**** EXERCISE DATA

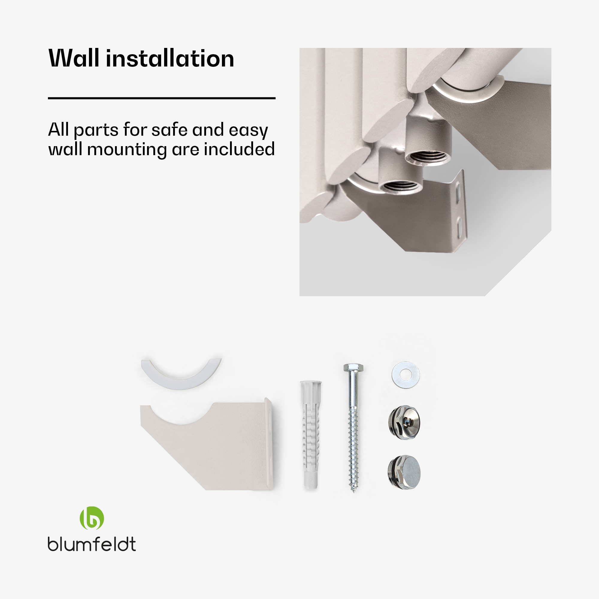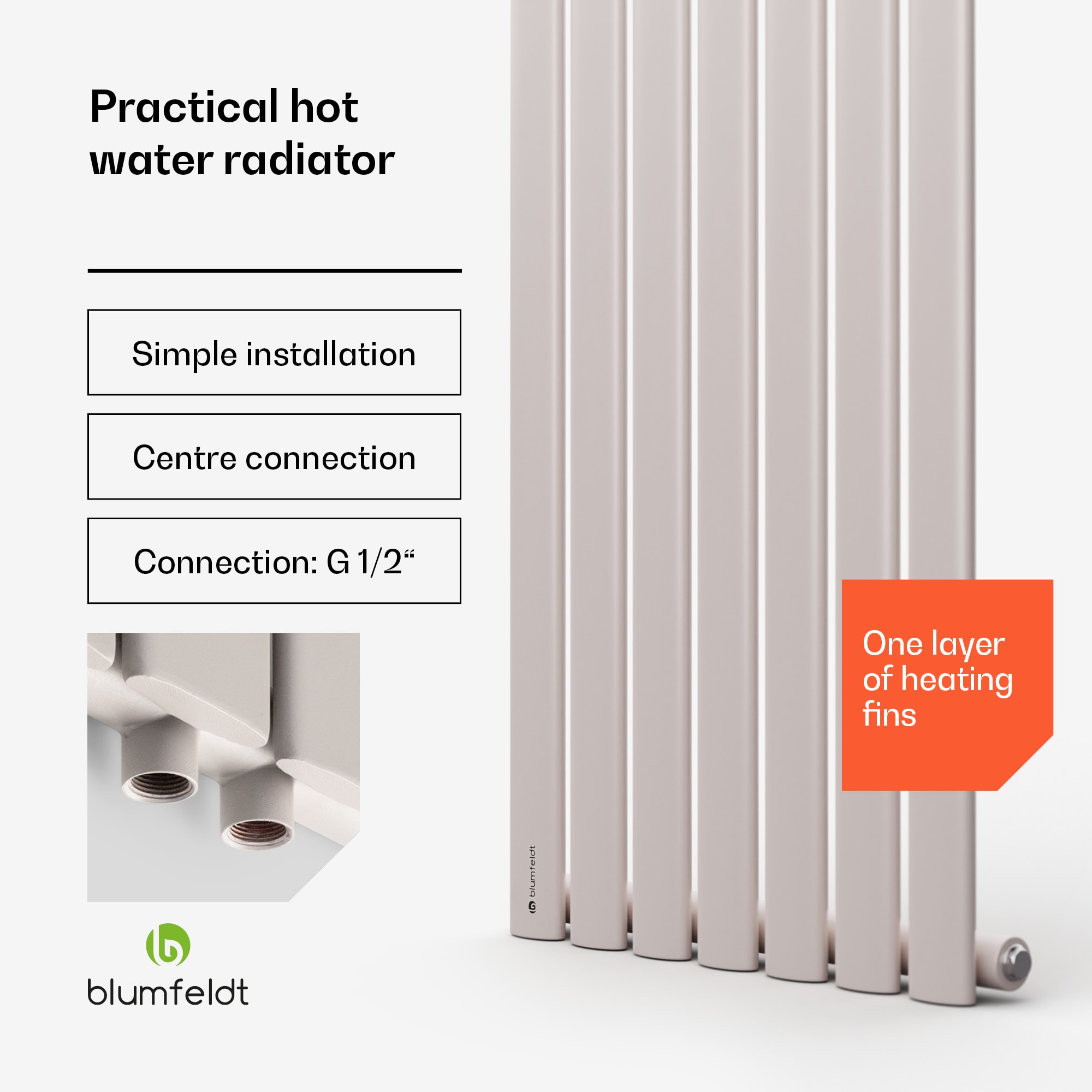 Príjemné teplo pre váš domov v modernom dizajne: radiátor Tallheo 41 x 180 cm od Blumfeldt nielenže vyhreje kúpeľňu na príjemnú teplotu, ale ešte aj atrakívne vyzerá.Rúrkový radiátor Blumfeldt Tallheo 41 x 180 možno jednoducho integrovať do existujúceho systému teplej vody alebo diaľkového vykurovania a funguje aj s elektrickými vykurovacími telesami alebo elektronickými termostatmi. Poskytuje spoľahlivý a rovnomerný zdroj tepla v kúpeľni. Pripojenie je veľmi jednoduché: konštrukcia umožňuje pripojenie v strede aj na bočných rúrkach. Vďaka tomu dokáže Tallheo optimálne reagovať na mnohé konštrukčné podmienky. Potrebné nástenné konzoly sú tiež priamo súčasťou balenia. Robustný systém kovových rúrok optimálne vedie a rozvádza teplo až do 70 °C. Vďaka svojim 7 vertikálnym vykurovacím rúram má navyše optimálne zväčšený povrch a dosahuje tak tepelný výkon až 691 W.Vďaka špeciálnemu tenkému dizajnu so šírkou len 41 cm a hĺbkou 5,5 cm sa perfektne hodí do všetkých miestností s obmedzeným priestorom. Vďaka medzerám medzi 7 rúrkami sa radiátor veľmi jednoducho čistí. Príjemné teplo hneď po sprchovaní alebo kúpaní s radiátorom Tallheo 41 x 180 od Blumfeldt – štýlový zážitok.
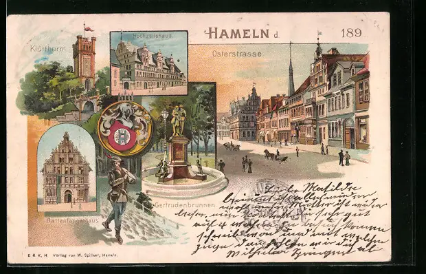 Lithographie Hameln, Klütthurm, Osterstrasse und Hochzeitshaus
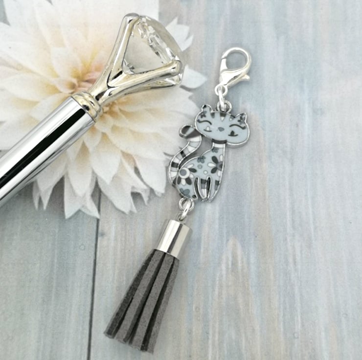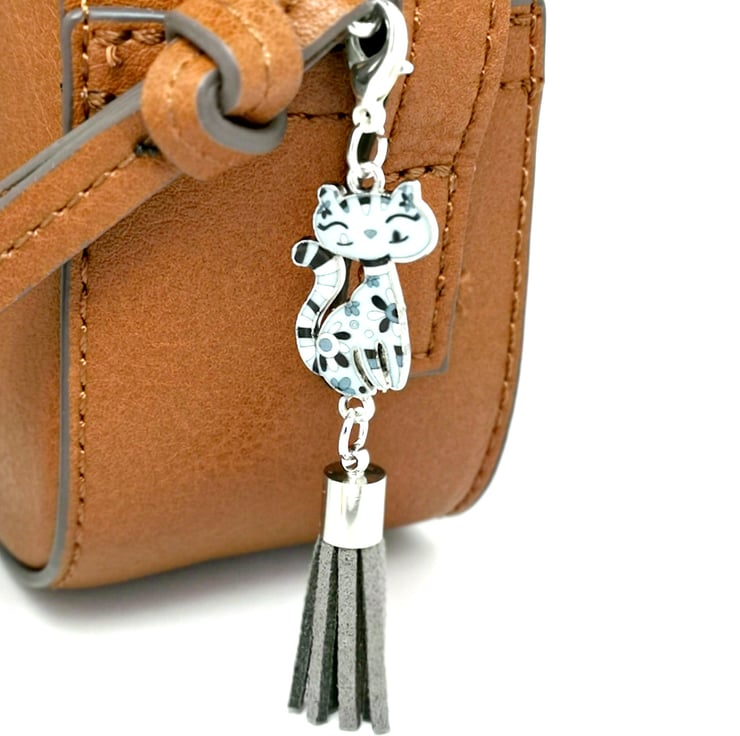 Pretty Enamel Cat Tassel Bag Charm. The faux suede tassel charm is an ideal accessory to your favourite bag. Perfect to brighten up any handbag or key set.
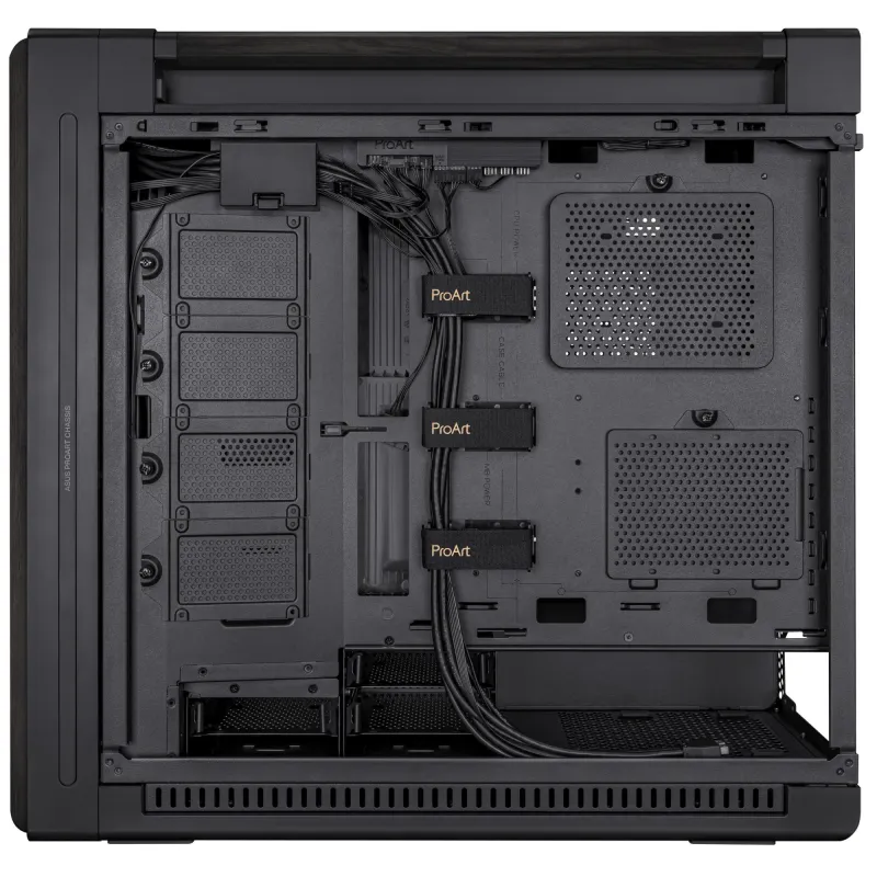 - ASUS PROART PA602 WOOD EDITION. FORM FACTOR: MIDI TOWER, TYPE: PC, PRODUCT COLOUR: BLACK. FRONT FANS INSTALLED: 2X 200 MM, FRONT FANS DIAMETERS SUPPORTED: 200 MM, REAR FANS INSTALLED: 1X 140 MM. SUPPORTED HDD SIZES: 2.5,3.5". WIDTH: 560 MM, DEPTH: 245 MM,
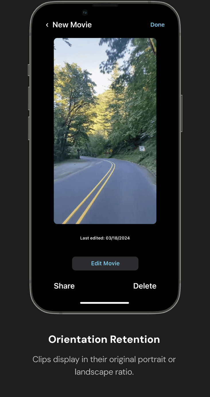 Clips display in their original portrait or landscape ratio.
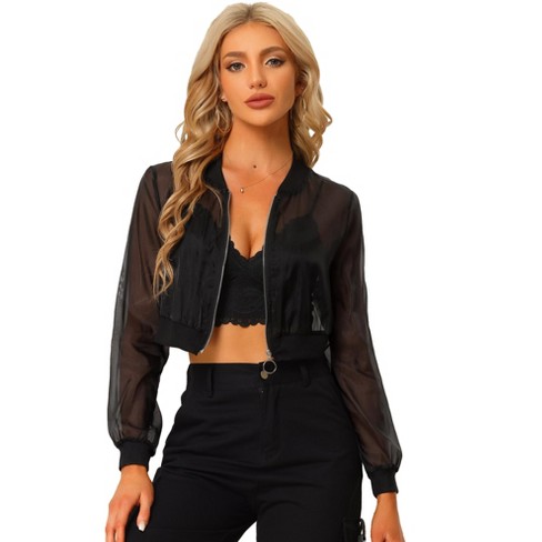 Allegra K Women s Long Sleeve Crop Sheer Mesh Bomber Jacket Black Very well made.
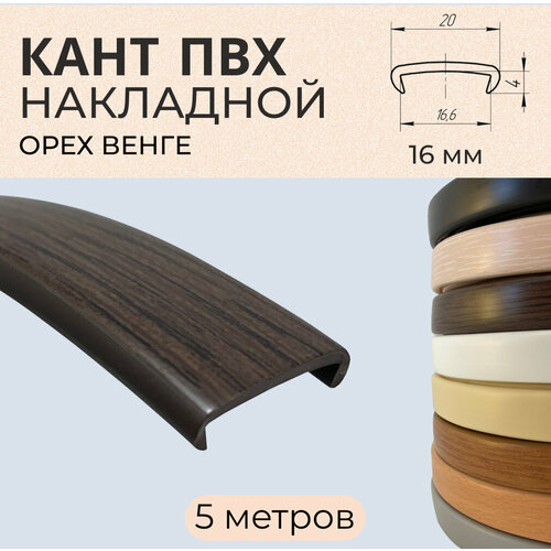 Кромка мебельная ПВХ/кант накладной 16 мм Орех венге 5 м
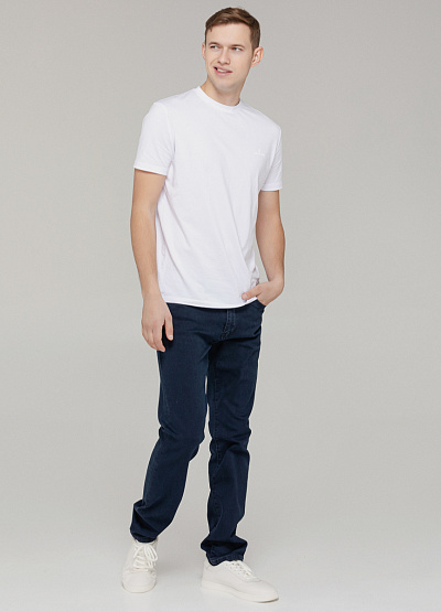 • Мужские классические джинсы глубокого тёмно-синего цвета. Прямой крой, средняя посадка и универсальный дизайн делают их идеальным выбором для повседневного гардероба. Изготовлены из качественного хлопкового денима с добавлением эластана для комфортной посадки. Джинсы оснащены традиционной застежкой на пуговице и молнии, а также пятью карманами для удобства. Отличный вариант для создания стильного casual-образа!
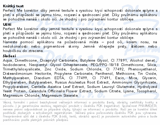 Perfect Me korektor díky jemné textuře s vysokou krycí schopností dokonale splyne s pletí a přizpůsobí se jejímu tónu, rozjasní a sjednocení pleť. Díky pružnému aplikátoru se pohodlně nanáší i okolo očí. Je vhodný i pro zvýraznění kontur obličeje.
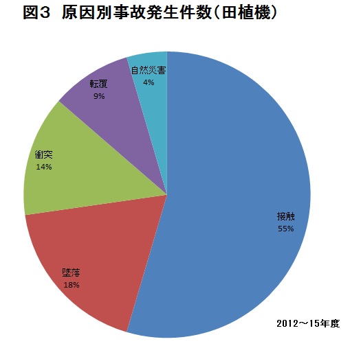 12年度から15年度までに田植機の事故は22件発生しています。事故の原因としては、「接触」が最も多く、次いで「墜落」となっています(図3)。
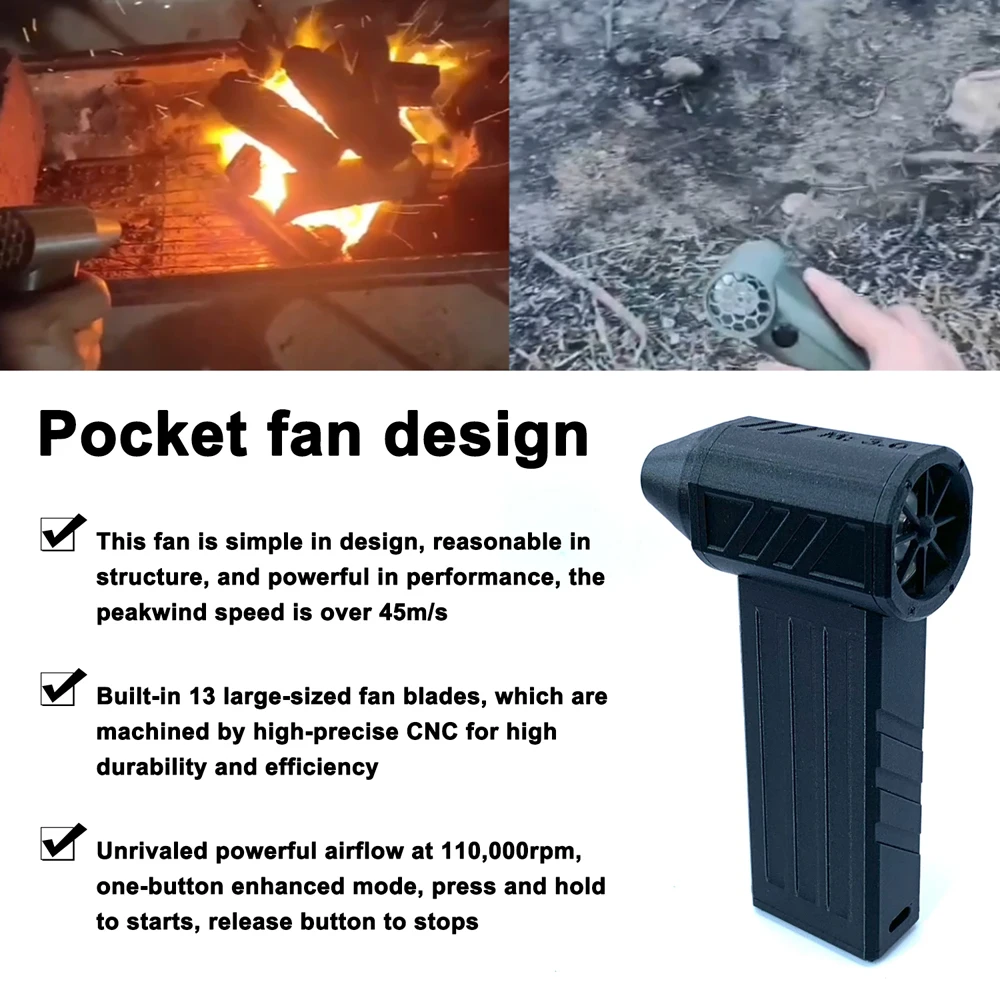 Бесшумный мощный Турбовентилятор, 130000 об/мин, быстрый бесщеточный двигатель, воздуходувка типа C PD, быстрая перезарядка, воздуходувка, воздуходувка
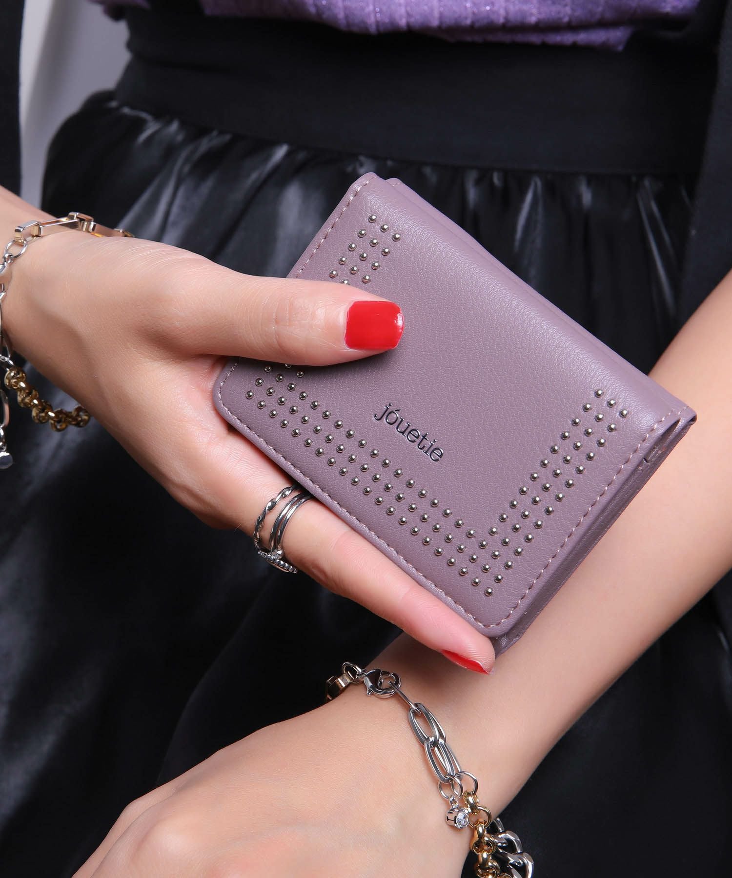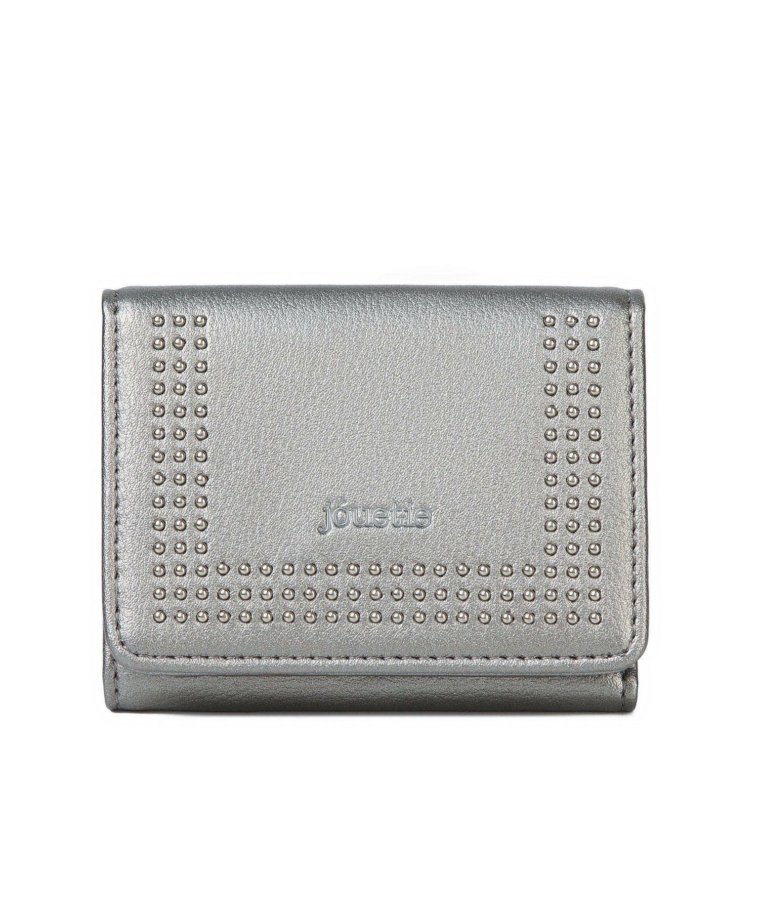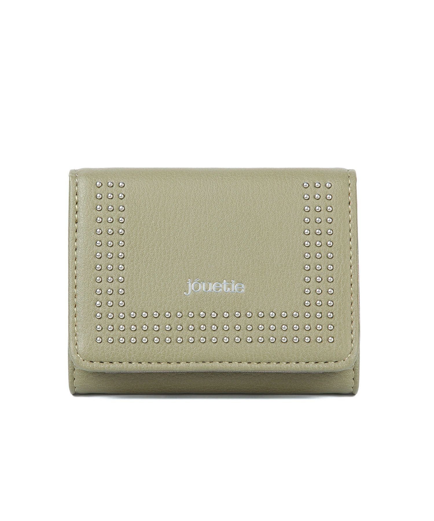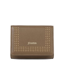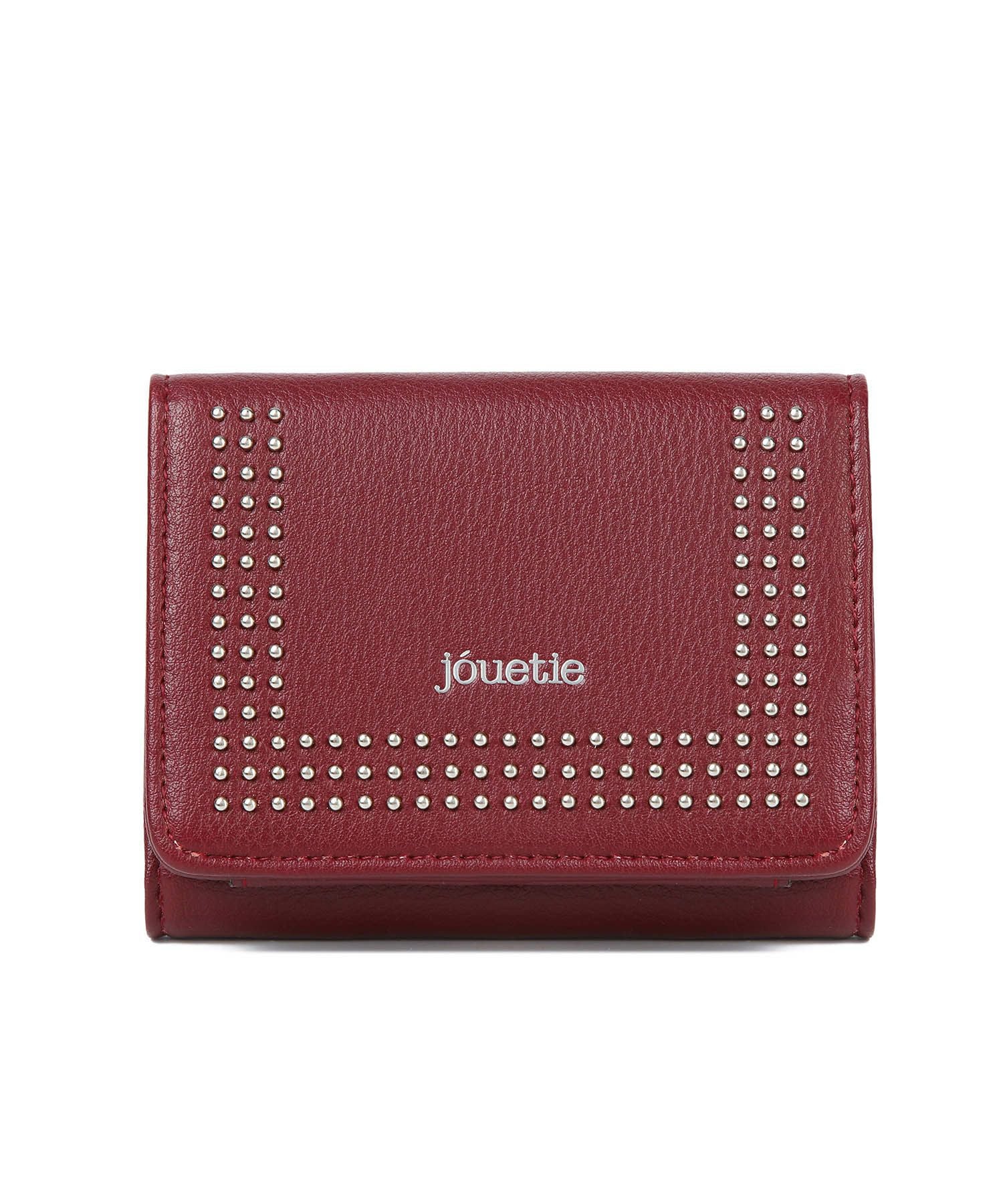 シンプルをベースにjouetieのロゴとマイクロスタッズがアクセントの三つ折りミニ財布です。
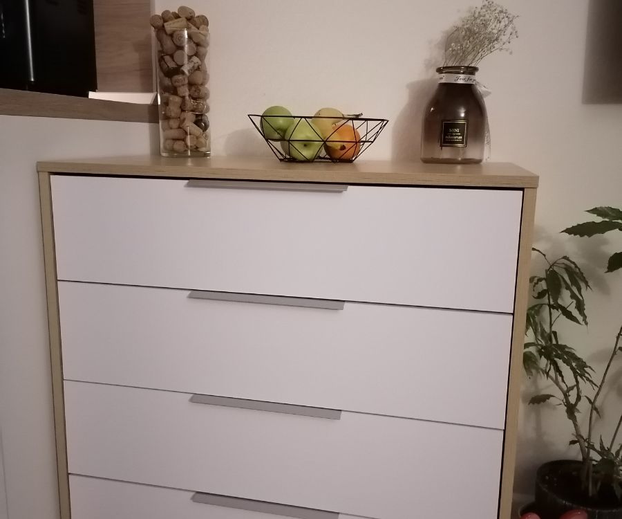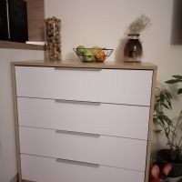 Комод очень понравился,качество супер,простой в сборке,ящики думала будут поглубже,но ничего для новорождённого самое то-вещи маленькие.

********

WHAT YOU ARE ASKED TO DO:
The records above need to be printed in full and exactly, without any of the pictures.

FINAL ANSWER:
 Príjemné teplo pre váš domov v modernom dizajne: radiátor Tallheo 41 x 180 cm od Blumfeldt nielenže vyhreje kúpeľňu na príjemnú teplotu, ale ešte aj atrakívne vyzerá.Rúrkový radiátor Blumfeldt Tallheo 41 x 180 možno jednoducho integrovať do existujúceho systému teplej vody alebo diaľkového vykurovania a funguje aj s elektrickými vykurovacími telesami alebo elektronickými termostatmi. Poskytuje spoľahlivý a rovnomerný zdroj tepla v kúpeľni. Pripojenie je veľmi jednoduché: konštrukcia umožňuje pripojenie v strede aj na bočných rúrkach. Vďaka tomu dokáže Tallheo optimálne reagovať na mnohé konštrukčné podmienky. Potrebné nástenné konzoly sú tiež priamo súčasťou balenia. Robustný systém kovových rúrok optimálne vedie a rozvádza teplo až do 70 °C. Vďaka svojim 7 vertikálnym vykurovacím rúram má navyše optimálne zväčšený povrch a dosahuje tak tepelný výkon až 691 W.Vďaka špeciálnemu tenkému dizajnu so šírkou len 41 cm a hĺbkou 5,5 cm sa perfektne hodí do všetkých miestností s obmedzeným priestorom. Vďaka medzerám medzi 7 rúrkami sa radiátor veľmi jednoducho čistí. Príjemné teplo hneď po sprchovaní alebo kúpaní s radiátorom Tallheo 41 x 180 od Blumfeldt – štýlový zážitok.
 Lithographie Hameln, Klütthurm, Osterstrasse und Hochzeitshaus
 Pretty Enamel Cat Tassel Bag Charm. The faux suede tassel charm is an ideal accessory to your favourite bag. Perfect to brighten up any handbag or key set.
 - ASUS PROART PA602 WOOD EDITION. FORM FACTOR: MIDI TOWER, TYPE: PC, PRODUCT COLOUR: BLACK. FRONT FANS INSTALLED: 2X 200 MM, FRONT FANS DIAMETERS SUPPORTED: 200 MM, REAR FANS INSTALLED: 1X 140 MM. SUPPORTED HDD SIZES: 2.5,3.5". WIDTH: 560 MM, DEPTH: 245 MM,
 Clips display in their original portrait or landscape ratio.
 Allegra K Women s Long Sleeve Crop Sheer Mesh Bomber Jacket Black Very well made.
 Кромка мебельная ПВХ/кант накладной 16 мм Орех венге 5 м
 • Мужские классические джинсы глубокого тёмно-синего цвета. Прямой крой, средняя посадка и универсальный дизайн делают их идеальным выбором для повседневного гардероба. Изготовлены из качественного хлопкового денима с добавлением эластана для комфортной посадки. Джинсы оснащены традиционной застежкой на пуговице и молнии, а также пятью карманами для удобства. Отличный вариант для создания стильного casual-образа!
 Perfect Me korektor díky jemné textuře s vysokou krycí schopností dokonale splyne s pletí a přizpůsobí se jejímu tónu, rozjasní a sjednocení pleť. Díky pružnému aplikátoru se pohodlně nanáší i okolo očí. Je vhodný i pro zvýraznění kontur obličeje.
 12年度から15年度までに田植機の事故は22件発生しています。事故の原因としては、「接触」が最も多く、次いで「墜落」となっています(図3)。
 Бесшумный мощный Турбовентилятор, 130000 об/мин, быстрый бесщеточный двигатель, воздуходувка типа C PD, быстрая перезарядка, воздуходувка, воздуходувка
 シンプルをベースにjouetieのロゴとマイクロスタッズがアクセントの三つ折りミニ財布です。
 Комод очень понравился,качество супер,простой в сборке,ящики думала будут поглубже,но ничего для новорождённого самое то-вещи маленькие.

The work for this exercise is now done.